I do generally agree with this; I'm not a fan of strategic foreclosure... it's things like that which don't help the economy.

My question with what you're saying, is that you seem to be equating the two things here. Following through with the terms of the loan doesn't necessarily equate to paying down principal right now.

I'd still stand by the opinion that saving the extra (and investing in low risk opportunities) leaves far more flexibility come 5 years from now.
 

Not everyone agrees with this, but it's a reasonable opinion, of course.



I do generally agree with this; I'm not a fan of strategic foreclosure... it's things like that which don't help the economy.

My question with what you're saying, is that you seem to be equating the two things here.

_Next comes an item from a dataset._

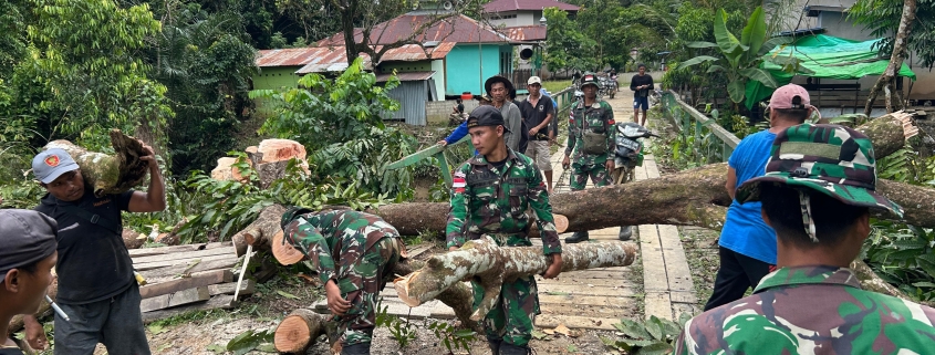 Langkah Preventif: Penebangan Pohon oleh Satgas Pamtas dan Warga di Sintang

Following through with the terms of the loan doesn't necessarily equate to paying down principal right now.

I'd still stand by the opinion that saving the extra (and investing in low risk opportunities) leaves far more flexibility come 5 years from now.

Of course the OP know herself and her spending habits better than all of us, but its been my experience that most people aren't disciplined enough to put that money away and not touch it. If money is sitting in savings there's more inclination to use it for purposes other than what you originally intended. I think it pretty easy to say "Oh, there's $10,000 sitting in savings, we haven't had a vacation in a while let's take a trip," or buy new furniture or a new car, or the kids need braces, etc.

I guess I subsribe to the theory that once money is paid out for the intended purpose, its then impossible to spend elsewhere.
 
Of course the OP know herself and her spending habits better than all of us, but its been my experience that most people aren't disciplined enough to put that money away and not touch it. If money is sitting in savings there's more inclination to use it for purposes other than what you originally intended. I think it pretty easy to say "Oh, there's $10,000 sitting in savings, we haven't had a vacation in a while let's take a trip," or buy new furniture or a new car, or the kids need braces, etc.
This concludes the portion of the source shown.